For debtors drowning in bills, bankruptcy can seem like the only solution. But they must first exhaust other possibilities first:
- Speak with a legitimate credit counseling agency.
- See if they can work something out with their creditors. If they declare bankruptcy, the creditors may get little or nothing, so creditors have an incentive to be flexible.
- Consider whether they can sell something. Do they need that second car, for example?
- Can they get a second job? Even a few hours a week can make a difference.
However, sometimes individuals get so deeply in debt that there’s no way they can realistically pay it off. They have been unable to negotiate further with their creditors and their liabilities exceed their assets. At that point, they should talk with attorneys and financial professionals about getting a fresh start with bankruptcy.
However, bankruptcy comes with long-lasting and serious implications, so filing should be a last resort. Credit cards and all kinds of loans, including mortgages, may be impossible to obtain for many years.
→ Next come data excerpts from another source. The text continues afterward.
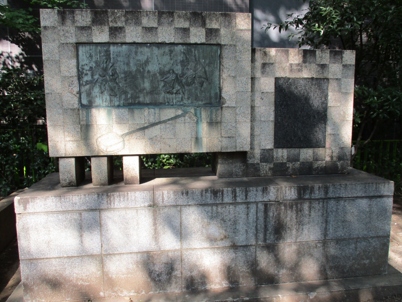 散歩をしていて休憩で立ち寄った、小伝馬町近くの十思公園の中に、ひときわ大きくて立派な石碑が建てられていました。古典芸能の三味線で有名な杵屋勝三郎の石碑でした。石碑には三味線や歌舞伎での演奏の様子らしい姿も残されていました。
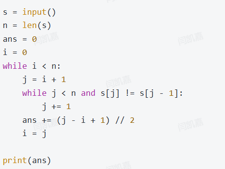 - 也可以贪心地解决问题,因为对于每一个01或10子串,只能染色一个字符,因此可以通过字符串中01或10子串的个数来进行计算。
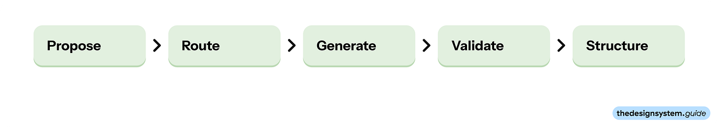 The workflow: propose, route, generate, validate
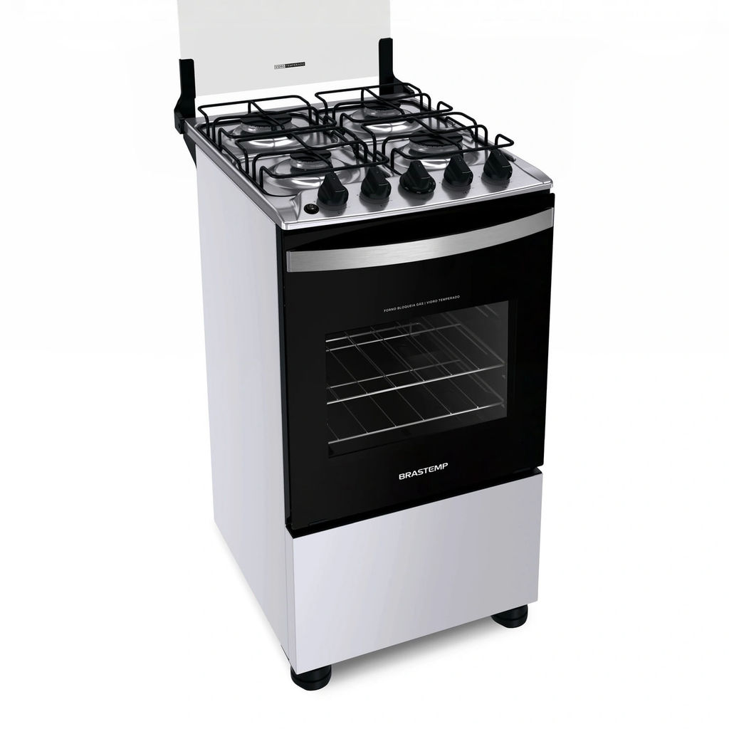 Fogão Brastemp 4 Bocas Branco com Duas Prateleiras com Alturas Ajustáveis - BFO4NBB
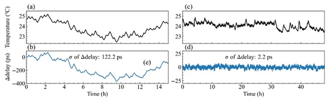 图2:主动反馈系统的性能。(a) 和 (b) 未通过反馈控制进行稳定时的室温和 Δdelay 波动。(c) 和 (d) 激活反馈系统后的稳定 Δdelay。σ 代表 Δdelay 波动的标准差

Once the decision is made, the debtors file under either Chapter 7 or Chapter 13, based on their situation and a variety of other factors.
In a Chapter 7 bankruptcy, the court appoints a trustee to liquidate assets to pay creditors according to an established priority list. After the assets are gone, the court discharges the debts — the debtor is not on the hook for them. However, the debtor will likely still have to pay alimony, child support, certain government debts, income taxes and federal student loans.
A Chapter 13 bankruptcy is less severe: Debtors create a plan to reorganize their finances and gradually pay back creditors over three to five years. The court must approve the plan, and the debtor will give the monies to a court-appointed trustee, who will distribute them to the creditors according to the plan. A particular advantage of a Chapter 13 bankruptcy is that it can allow the debtors to retain their homes, if the approved plan includes mortgage payments.
One great advantage of either kind of bankruptcy is that retirement plans are protected. ERISA-governed qualified plans, such as 401(k) plans, are off the table in a bankruptcy proceeding. Debtors can keep them in their entirety. Non-ERISA qualified plans such as IRAs are partially protected — funds under a certain amount (currently about $1.3 million) are safe, but the rest can be used to satisfy debts. Also, debtors who owe back taxes to the government, or alimony or child support, may find the government can seize funds “hidden” in retirement plans.
This is just a summary of a complex process with many rules and exceptions. The bottom line is that debtors are not financial experts and are further hampered by the emotional turmoil that comes with their situation. They should not make any decisions regarding bankruptcy without talking with qualified professionals, who can dispassionately explain their options.